The significane of differential expression
based on a t-test can be looked at using
the `feature_signature` method

pval, tstat = sample.protein.test_signature(attribute='normalized_counts')

pval

	CD110	CD117	CD123	CD135	CD19	CD24	CD3	CD33	CD34	CD38	CD44	CD45	CD56	CD90	HLA-DR	Mouse IgG1k
1	1.032004e-133	1.231391e-181	1.309454e-01	5.053298e-138	1.386557e-115	6.039634e-214	3.954765e-206	0.000000e+00	0.000000e+00	8.153836e-286	0.000000e+00	2.086838e-02	5.979655e-190	5.373200e-223	8.324096e-04	4.378789e-152
2	2.403739e-108	1.363348e-29	1.526118e-94	1.228098e-85	1.254303e-90	1.564962e-42	0.000000e+00	9.441482e-68	1.010007e-253	6.885586e-297	1.492394e-146	3.178453e-305	3.548999e-238	0.000000e+00	0.000000e+00	1.459707e-123
3	2.472998e-13	1.650288e-52	6.761382e-126	1.097060e-26	0.000000e+00	0.000000e+00	7.707852e-64	4.013994e-96	2.467303e-48	4.938844e-01	5.755930e-135	0.000000e+00	9.810248e-01	9.302884e-73	2.703924e-296	5.808461e-15
4	4.818229e-09	5.738795e-25	2.111025e-03	1.141661e-11	1.388346e-23	7.238226e-26	3.786053e-13	1.311617e-34	9.702871e-20	1.475976e-11	4.835089e-25	7.794311e-01	3.916305e-01	7.962307e-10	1.142897e-09	9.995305e-11

pval = pval + 10 ** -50 + pval
pvals = -np.log10(pval) * (tstat > 0)

from missionbio.plotting.heatmap import Heatmap

fig = Heatmap(pvals, y_groups=pvals.index.values).draw()
fig.show("jpg")

Conclusion

Statistical significance of the differential expression
can be ascertained. Median values can be explored for DNA
to determine the difference between clusters.

Combined Visualizations

Visualization for multiple assays at once

Clone vs Analyte

CNV

# Ignore warnings raised when running clone_vs_analyte

import warnings
warnings.simplefilter(action='ignore', category=FutureWarning)

sample.clone_vs_analyte('cnv')

Protein

sample.clone_vs_analyte('protein')

# Filtering protein and cnv to improve the visualization

sample.protein = sample.protein[:, ['CD3', 'CD90']]
sample.cnv = sample.cnv[:, 58:85]
sample.clone_vs_analyte('protein')

# Certain clones can also be dropped, but they must be dropped from all assays
# Hence the sample object is sliced in this case
# In this case it is better to store the new sample in a separate variable

# This returns the dna barcodes with the given labels
select_bars = sample.dna.barcodes(['2', '3', '4'])

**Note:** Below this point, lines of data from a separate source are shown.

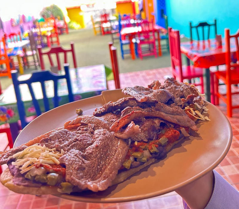 Huarache con una cama de frijol y nopales, con 300g de picaña y sus dos salsas.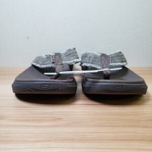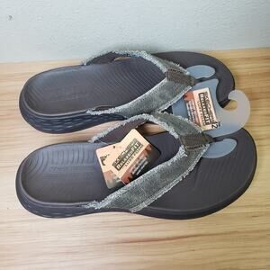 Sketchers Men's 12 Relaxed Fit Luxe Foam Flip Flop Sandals Distressed Fabric NWT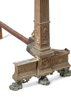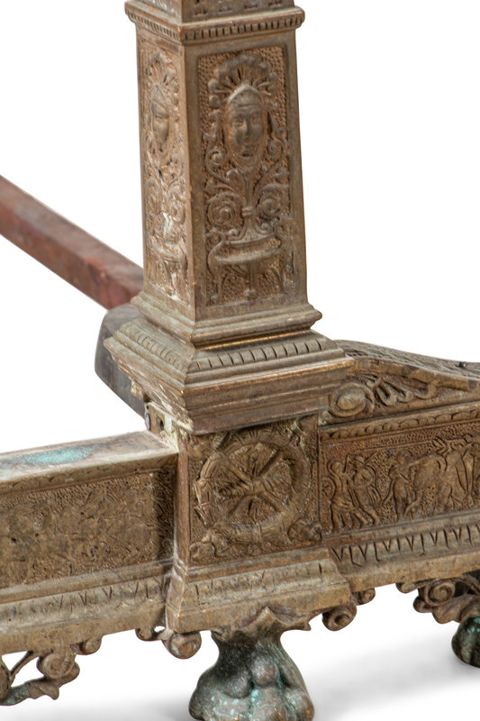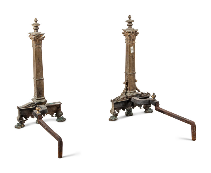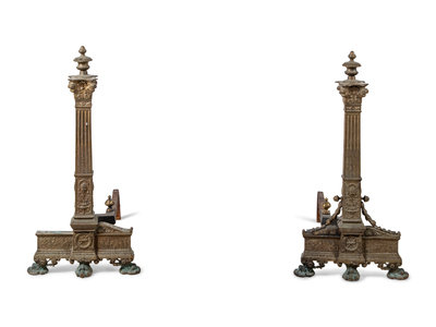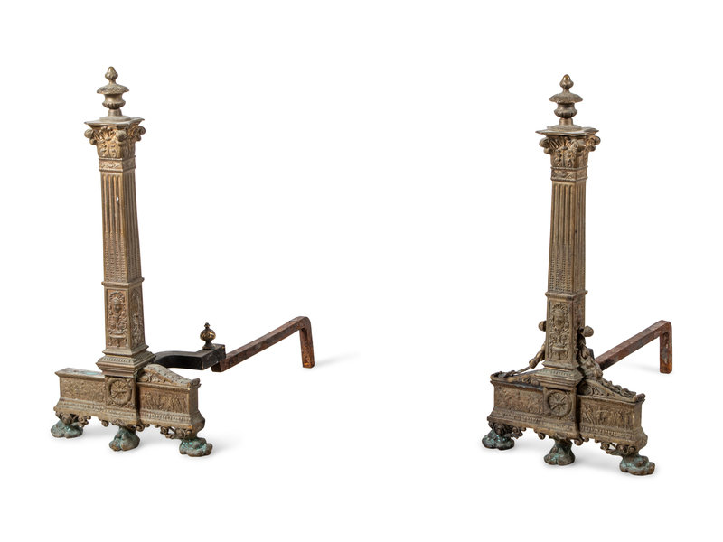 A Pair of Continental Gilt Bronze Andirons with Corinthian Columnar Capitals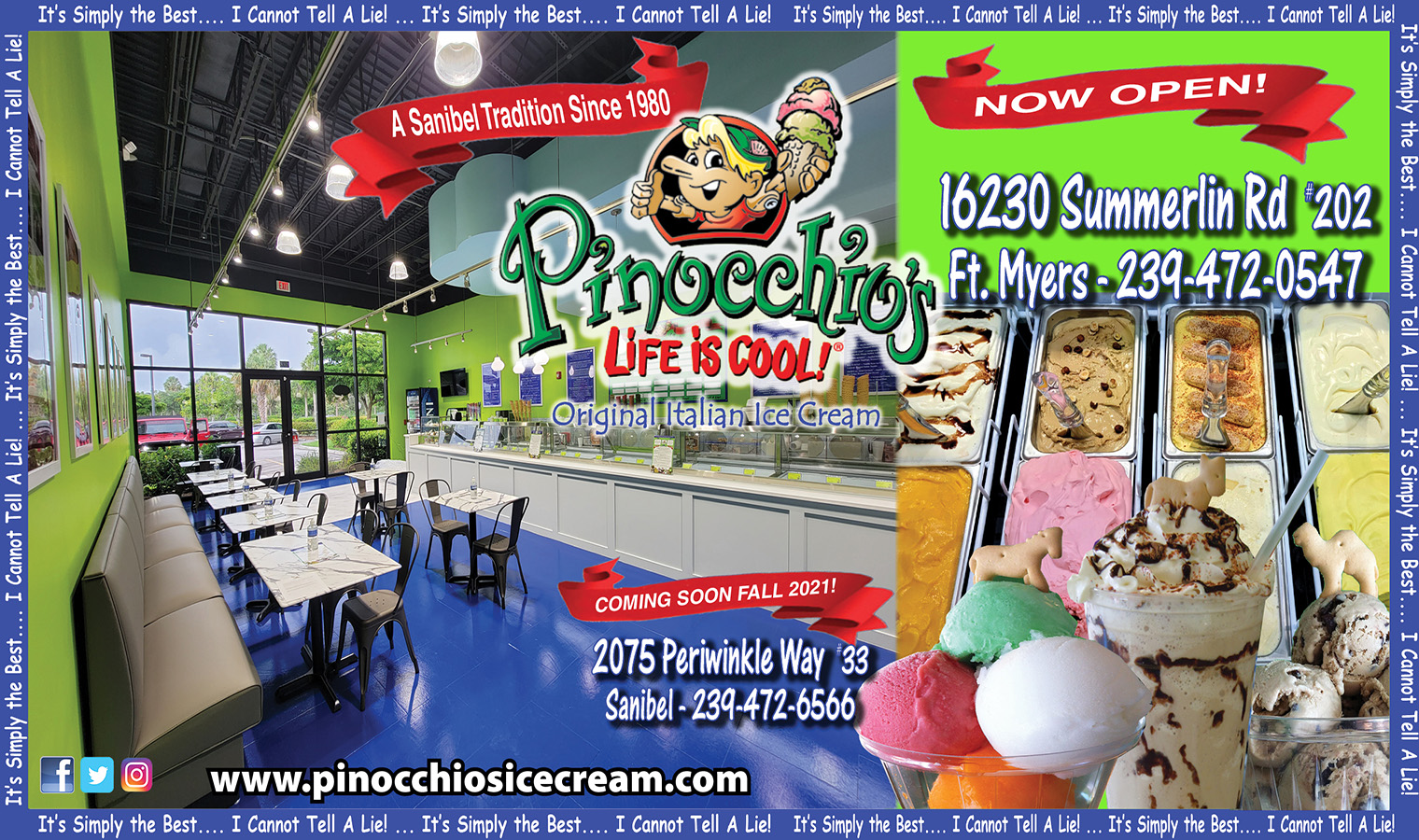 Unique flavors, generous portions and loyal fans describe Pinocchio's Original Italian Ice Cream, a Sanibel tradition since 1980. Home of Pinocchio's Sanibel Krunch, Dirty Sand Dollar, Wedding Bells, Gator Stew and an ever growing repertoire of 200+ flavors, this iconic dessert shop offers a complete line of frozen confections including ice cream, gelato, sorbet, frozen yogurt, sherbet, Italian custard and semifreddo to accompany non-frozen favorites and espresso specialty drinks. We hope you will give us a try and make Pinocchio's your neighborhood's sweet destination. Come in where Life is Cool!

sample_subset = sample[select_bars]
sample_subset.clone_vs_analyte('protein')

# The ids can also be reset to the entire set

sample.reset('cnv')
sample.reset('protein')
sample.clone_vs_analyte('protein')

Multi assay heatmap

sample.heatmap(("dna", "protein", "cnv")).show("jpg")

# Try the following
# sample.signaturemap(("dna", "protein", "cnv"))
# sample.signaturemap(("protein", "dna", "cnv"))
# sample.signaturemap(("dna", "protein"))

Saving

The analysis can be saved to an h5 file.
This final trimmed file will be much smaller than the original h5 file.
It can be opened in Insights, or back again in Mosaic

ms.save(sample, './basics.analyzed.h5', mode="w")

ms.to_zip(sample, "./basics.analyzed.zip")

Data from h5 files can be efficiently manipulated,
visualized, and inferred using Mosaic.